■ **Data for analysis**:
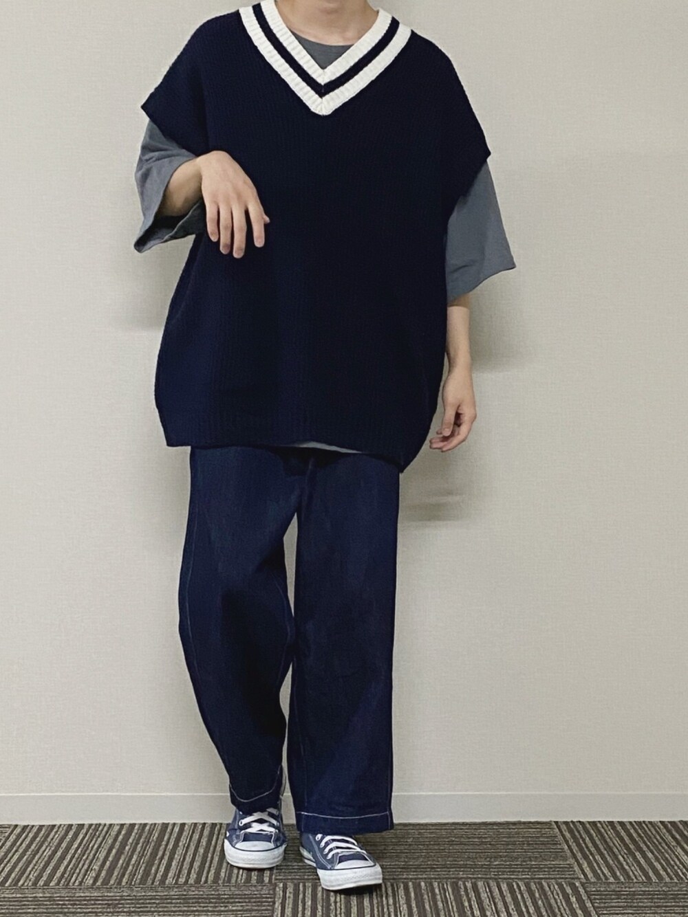 お疲れ様です。うのです。 久々にデニム履いたかも。 ニットベストとデニムは 自分の中でとても新鮮というか いい意味で違和感?笑
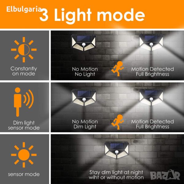 ❤ 3 Режима на осветяване и чувствителен PIR сензор за движение.1) режим на светене при засичане на двежение; 2) Взаимодействие на 1вия режим и лека светлина, когато няма движение; 3) Режим лека светлина, без значение дали има движение или не. Моля, натиснете продължително бутона в горната част за 1 секунда, за да влезете в друг режим. Новата PIR сензорна система за движение и сензорът за движение с широк ъгъл от 180 открива движение от 3 до 5 метра, това е удобство и сигурност за вашия гараж, двор, пътека.
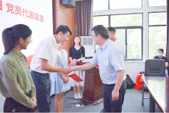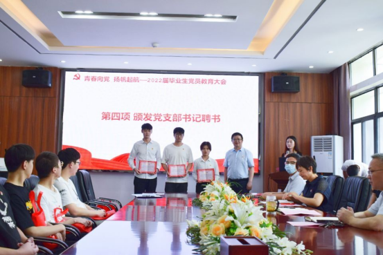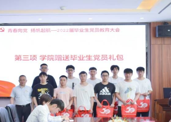 会上,全体毕业生党员共庆政治生日,重温入党誓词,学院党委书记路海华为庆生党员代表送上政治生日贺卡、为毕业班党支部书记颁发荣誉证书,院长何东升、院党委副书记李佳为毕业生党员一一发放党员纪念礼包。
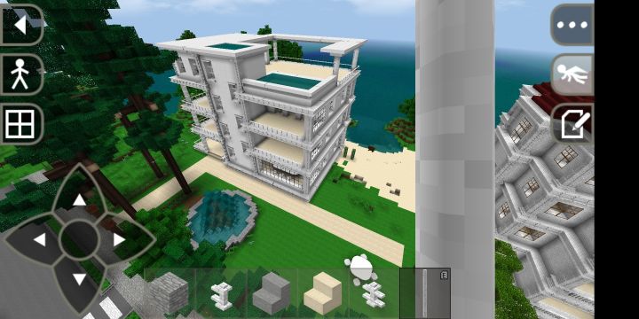 最初我住在一棵高耸入云的云杉树冠上,可是高度给我带来了获取食物和交通的不便利,于是我决定搬迁。现在想起来,我的一套旧衣服被留在了那里。 在新的居住点,我用沙岩盖了庇护所,用木板铺庇护所的地板,再把4个箱子嵌到地板里。为了能看到附近的情况,我修了木栅栏保护的前院,并在庇护所外面放梯子。每天早晨我都会从门出去,然后从前院的木梯子爬上屋顶。我还修了一侧的钉板沟。每天早晨我从庇护所的另一侧走梯子下去,去
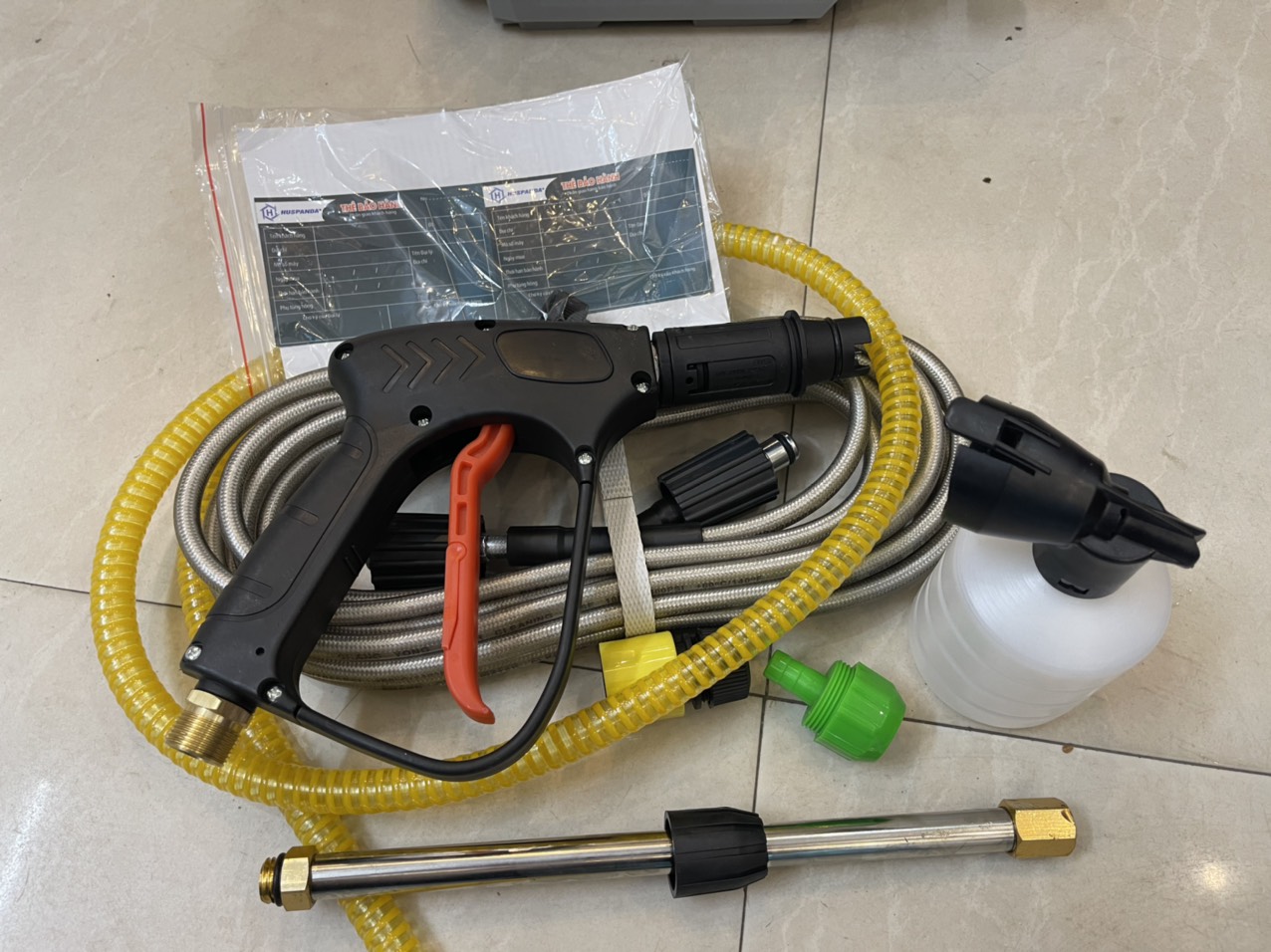 Phụ kiện bao gồm : lọc nước, dây hút 1.5m, dây áp lực 10m, súng, bình bọt. Với bộ phụ kiện đầy đủ bạn chỉ cần lắp đặt là có thể sử dụng luôn mà không cần phải mua thêm bất kỳ bộ phận nào khác.

■ **Task to carry out**: For this exercise, repeat word for word only the lines from the one containing "гараж, двор, пътека." through the end of the data, including both. Pictures do not go in the copy.

■ **Result of the exercise**:
 ❤ 3 Режима на осветяване и чувствителен PIR сензор за движение.1) режим на светене при засичане на двежение; 2) Взаимодействие на 1вия режим и лека светлина, когато няма движение; 3) Режим лека светлина, без значение дали има движение или не. Моля, натиснете продължително бутона в горната част за 1 секунда, за да влезете в друг режим. Новата PIR сензорна система за движение и сензорът за движение с широк ъгъл от 180 открива движение от 3 до 5 метра, това е удобство и сигурност за вашия гараж, двор, пътека.
 会上,全体毕业生党员共庆政治生日,重温入党誓词,学院党委书记路海华为庆生党员代表送上政治生日贺卡、为毕业班党支部书记颁发荣誉证书,院长何东升、院党委副书记李佳为毕业生党员一一发放党员纪念礼包。
 最初我住在一棵高耸入云的云杉树冠上,可是高度给我带来了获取食物和交通的不便利,于是我决定搬迁。现在想起来,我的一套旧衣服被留在了那里。 在新的居住点,我用沙岩盖了庇护所,用木板铺庇护所的地板,再把4个箱子嵌到地板里。为了能看到附近的情况,我修了木栅栏保护的前院,并在庇护所外面放梯子。每天早晨我都会从门出去,然后从前院的木梯子爬上屋顶。我还修了一侧的钉板沟。每天早晨我从庇护所的另一侧走梯子下去,去
 Phụ kiện bao gồm : lọc nước, dây hút 1.5m, dây áp lực 10m, súng, bình bọt. Với bộ phụ kiện đầy đủ bạn chỉ cần lắp đặt là có thể sử dụng luôn mà không cần phải mua thêm bất kỳ bộ phận nào khác.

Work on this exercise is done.